Table
geneva.table.Table
Bases: Table
Table in Geneva.
A Table is a Lance dataset
add
add_columns
Add columns or UDF-based columns to the Geneva table.
For UDF columns, this method validates that: - All input columns exist in the table schema - Column types are compatible with UDF type annotations (if present) - RecordBatch UDFs do not have input_columns defined
This early validation helps catch configuration errors before job execution.
Parameters:
-
transforms(dict[str, str | UDF | tuple[UDF, list[str]]]) –The key is the column name to add and the value is a specification of the column type/value.
- If the spec is a string, it is expected to be a datafusion sql expression. (e.g "cast(null as string)")
- If the spec is a UDF, a virtual column is added with input columns inferred from the UDF's argument names.

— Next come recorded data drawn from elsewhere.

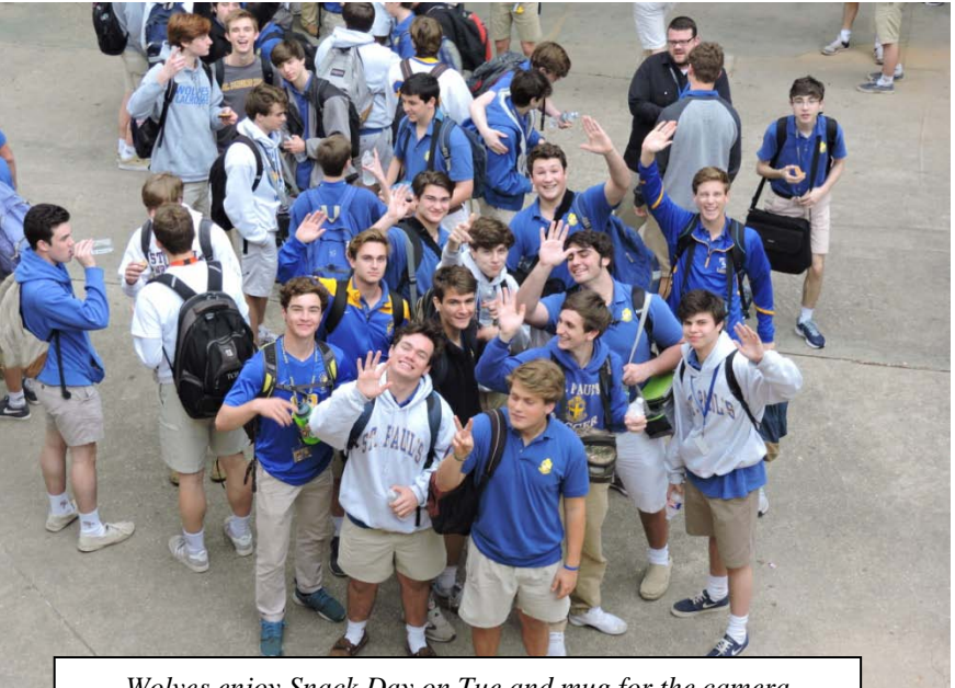
Wolves enjoy Snack Day on Tue and mug for the camera

End of Third Quarter: We do not give exams at the end of the first and third quarters. Report cards will be prepared based upon your son's grades as of this Friday. Please make sure he is up to date in all of his classes. Report cards will be emailed mid-week next week.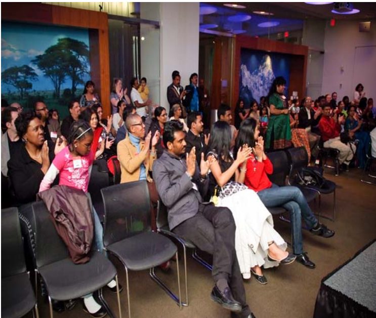
Uplift a Child – Maryland-USA, 12 th March 2011

We conducted our annual sponsors meetings in New Jersey and Maryland states in 2011. We provide full details about all our children, a summary of their development, a summary of how every rupee or dollar has been spent and share some of the success stories and discuss on how we can improve the children's lives. Each time we get together, we are growing with inspiration, dedication, support and friendship. Our sponsors are happy with our work as we updated them with a detailed presentation on each and every aspect of our operations in India and USA.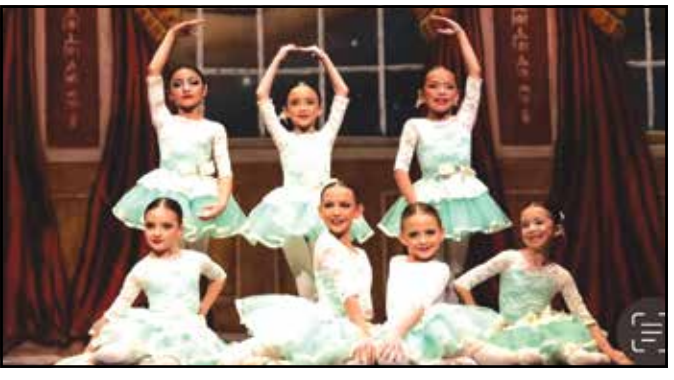
Dancers in their custom-made costumes at the 2021 'Once Upon A December' recital.

Tickets for Sleigh Ride are $25 and can be purchased at the studio, 641 F St. Monday through Thursday from 4 to 9 p.m. For more information, call 661-240-5924.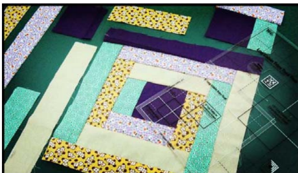
Log Cabin ruler shown here is available in 12" and 8"

The Log Cabin rulers can be found on our website here.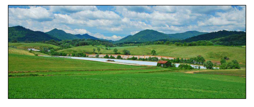
Newfound Creek Watershed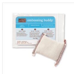
Embossing Buddy - 103083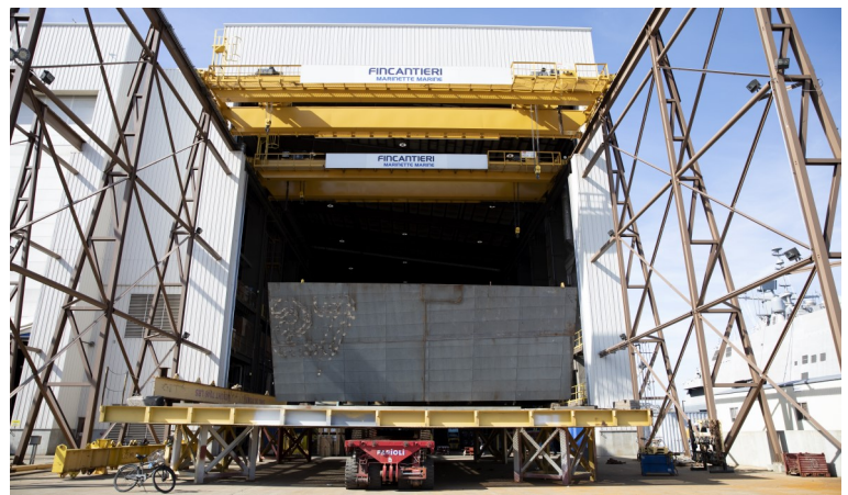
Construction of ship sections underway at Fincantieri Marinette Marine in Marinette, Wisconsin.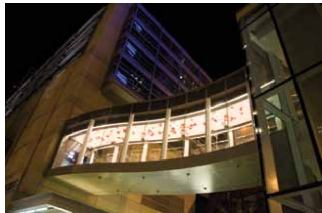
Swire commission 太古酒店委托项目 (2011) City Plaza Link Bridge 城市广场天街 Taikoo Shing 太古城道 Hong Kong Island East 港岛东 100 powder coated steel butterflies 100只钢质彩喷蝴蝶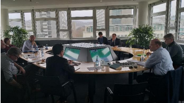
The Stuttgart FQP on 14 March 2019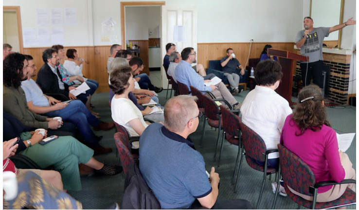
LCJE Australasia Conference - Melbourne (Belgrave Heights)

ters are in Melbourne in the heart of the largest Jewish community in Australia, in what is known as the Melbourne Eruv. In this environment there are about 75,000 Jewish people with approximately 45 synagogues, Jewish schools and organisations, kosher restaurants etc.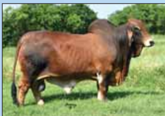
Sire, Mr. Fontenot 333

If you are thinking that you've seen this pedigree before, you are correct. She is a full sister to lot 15 as well as the highlight of our Catalyst V Sale. Just as her siblings, she has the functional build being deep bodied, eye appealing with great breed character all in a deep red package. Not only does Rapunzel provide an ideal phenotype but is backed by one of our most proven matings being sired by the 2016 ABBA International Champion Red Bull Mr. Fontenot 333 "Rufus" and out of the premier donor Miss B-F 48/6. This pedigree combines an outcross to many of today's popular bloodlines which only gives Rapunzel more value. She not only combines the already proven Rufus and his foundation pedigree but some of the most performance oriented genetics in the breed with JDH Bross Manso, (+) JDH Datapack and (+)JDH Copano Manso. Each mating that we produce at Moreno Ranches is well thought out and we just don't know how we could have made this one any better.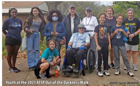
Youth at the 2021 AFSP Out of the Darkness Walk

In support of work in the greater Church community, St. Andrew's gives nearly 10% of our operating budget to the Diocese of Michigan each year (also known as our Diocesan Apportionment). In addition to this tithe, parishioners give nearly an equivalent 10% as non-budgeted in-kind gifts to our greater community. Even though it is not included as a line item in our annual budget, parishioners consistently contribute at this level to a variety of outreach initiatives year after year.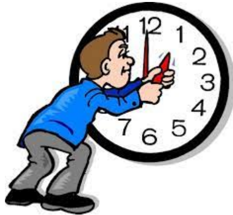
Manage my time at work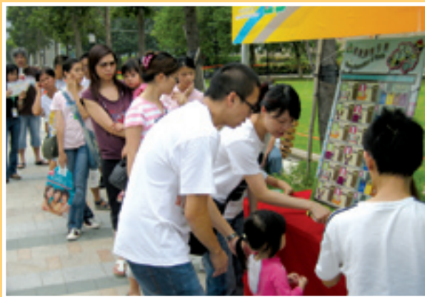
Game booths were set up to educate children about source separation of waste.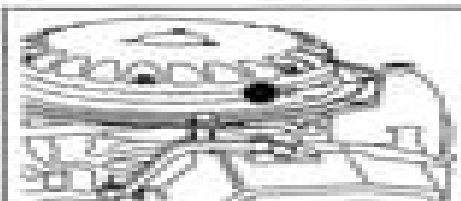
Fig. 8. In most cases, models that require periodic lubrication provide easy access to the starter pinion.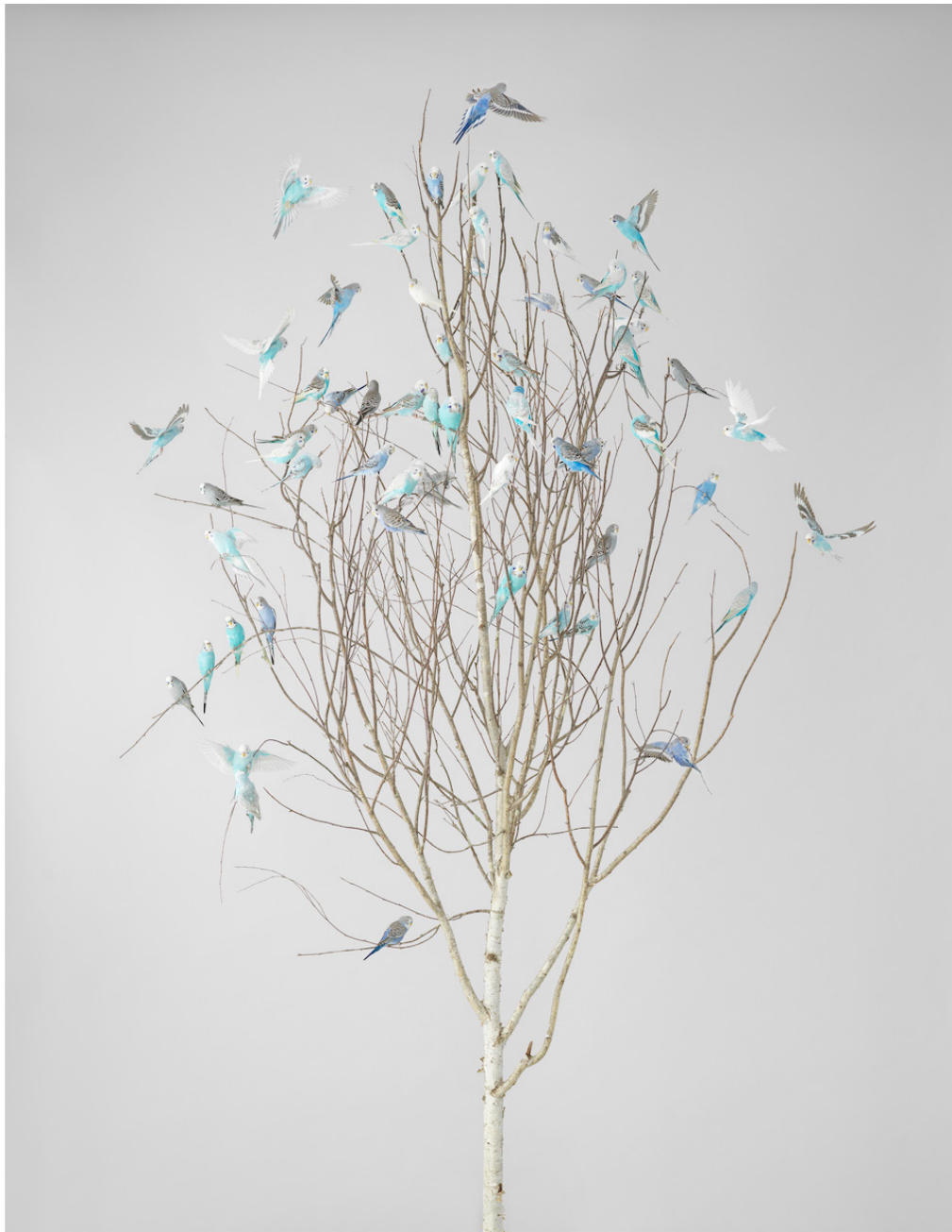
Blue Blossoms 2 High Society 2019

- If the spec is a tuple, the first element is a UDF and the second element is a list of input column names.
Raises:
-
ValueError–If UDF validation fails (missing columns, type mismatches, etc.)
Warns:
-
UserWarning–If type validation is skipped due to missing type annotations
Examples:
refresh
refresh(
*,
where: str | None = None,
src_version: int | None = None,
max_rows_per_fragment: int | None = None,
concurrency: int = 8,
intra_applier_concurrency: int = 1,
_admission_check: bool | None = None,
_admission_strict: bool | None = None,
**kwargs,
) -> None
Refresh the specified materialized view.
Parameters:
-
where(str | None, default:None) –TODO: sql expression filter used to only backfill selected rows
-
src_version(int | None, default:None) –Optional source table version to refresh from. If None (default), uses the latest version of the source table.
-
max_rows_per_fragment(int | None, default:None) –Optional maximum number of rows per destination fragment when adding placeholder rows for new source data. If None, uses LanceDB's default (1 million rows). Use smaller values to control fragment granularity.
-
concurrency(int, default:8) –(default = 8) This controls the number of processes that tasks run concurrently. For max throughput, ideally this is larger than the number of nodes in the k8s cluster. This is the number of Ray actor processes that are started.
-
intra_applier_concurrency(int, default:1) –(default = 1) This controls the number of threads used to execute tasks within a process. Multiplying this times
concurrencyroughly corresponds to the number of cpu's being used. -
_admission_check(bool | None, default:None) –Whether to run admission control to validate cluster resources before starting the job. If None, uses config (default: true). Set to False to skip the check. Experimental: Parameters starting with
_are subject to change. -
_admission_strict(bool | None, default:None) –If True, raises ResourcesUnavailableError when resources are insufficient. If False, logs a warning but allows the job to proceed. If None, uses config (default: true). Experimental: Parameters starting with
_are subject to change.
Raises:
-
RuntimeError–If attempting to refresh to a different version without stable row IDs enabled on the source table. This is because compaction may have invalidated the __source_row_id values, breaking incremental refresh.
backfill_async
backfill_async(
col_name: str,
*,
udf: UDF | None = None,
where: str | None = None,
concurrency: int = 8,
intra_applier_concurrency: int = 1,
_admission_check: bool | None = None,
_admission_strict: bool | None = None,
min_checkpoint_size: int | None = None,
max_checkpoint_size: int | None = None,
_enable_job_tracker_saves: bool = True,
**kwargs,
) -> JobFuture
Backfills the specified column asynchronously.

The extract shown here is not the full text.